2) Sur la gravité des péchés, en corps comme en pensée : "Ainsi, que personne ne s'autorise de la diversité des substances pour établir qu'un péché est plus léger ou plus grave qu'un autre. La chair et l'esprit appartiennent au même Dieu; l'une fut pétrie par sa main, l'autre créé par son souffle. Puisqu'ils appartiennent également au Seigneur, quelle que soit la substance qui pèche, elle offense également le Seigneur." et plus loin au même chapitre "On nomme les péchés, les uns corporels, les autres spirituels, parce que tout péché se commet par action ou par pensée.
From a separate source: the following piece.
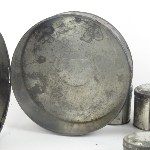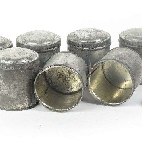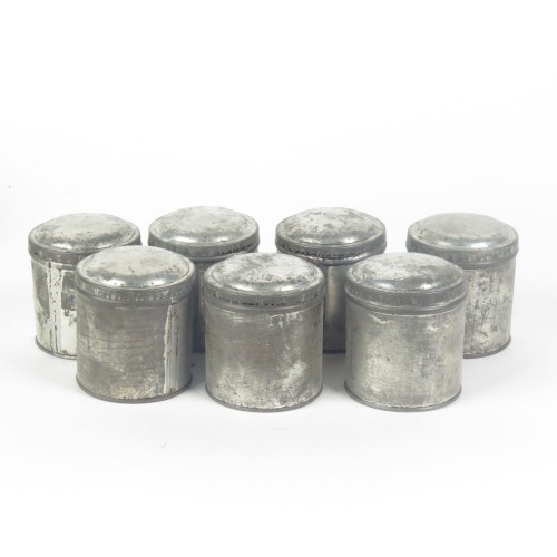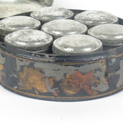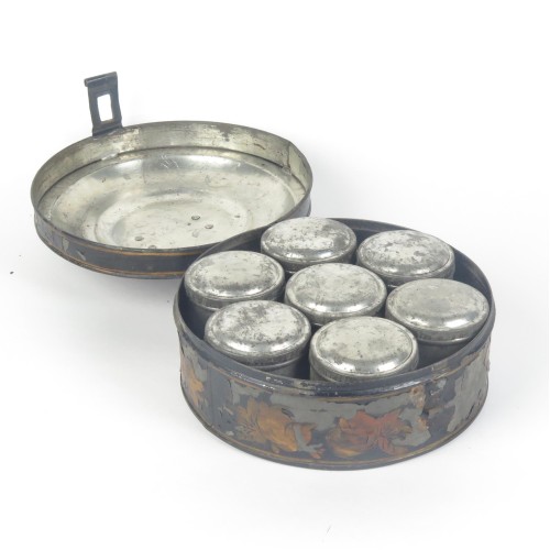Antique, used condition, surface wear throughout, original paint is fragile and peeling with significant loss, lock missing a piece through which you would insert a lock (pictured), no lock included, scratching and loss to the silver finish of the inside and the tins. See photos.

Pour qu'il soit corporel, il faut qu'il y ait eu action, parce que le fait peut être vu et touché à la manière d'un corps. Le péché spirituel, c'est celui qui réside dans l'esprit, parce qu'un esprit ne peut ni être vu, ni être saisi. Il est démontré par là qu'il faut éviter et purifier par la pénitence, non-seulement les actions criminelles, mais encore les prévarications de la volonté. Si, en effet, la faiblesse de l'homme ne juge que le fait extérieur, parce qu'elle ne peut descendre dans les ténèbres de la volonté, nous ne devons pas en conclure que nous pouvons, sous l'œil de Dieu, nous endormir sur les crimes de la volonté. Dieu suffit à tout; rien de ce qui peut l'offenser n'est éloigné de sa présence. Puisqu'il connaît tout, il en tient nécessairement compte pour prononcer son jugement; il ne peut ni dissimuler ni mentir à sa propre science." (III.)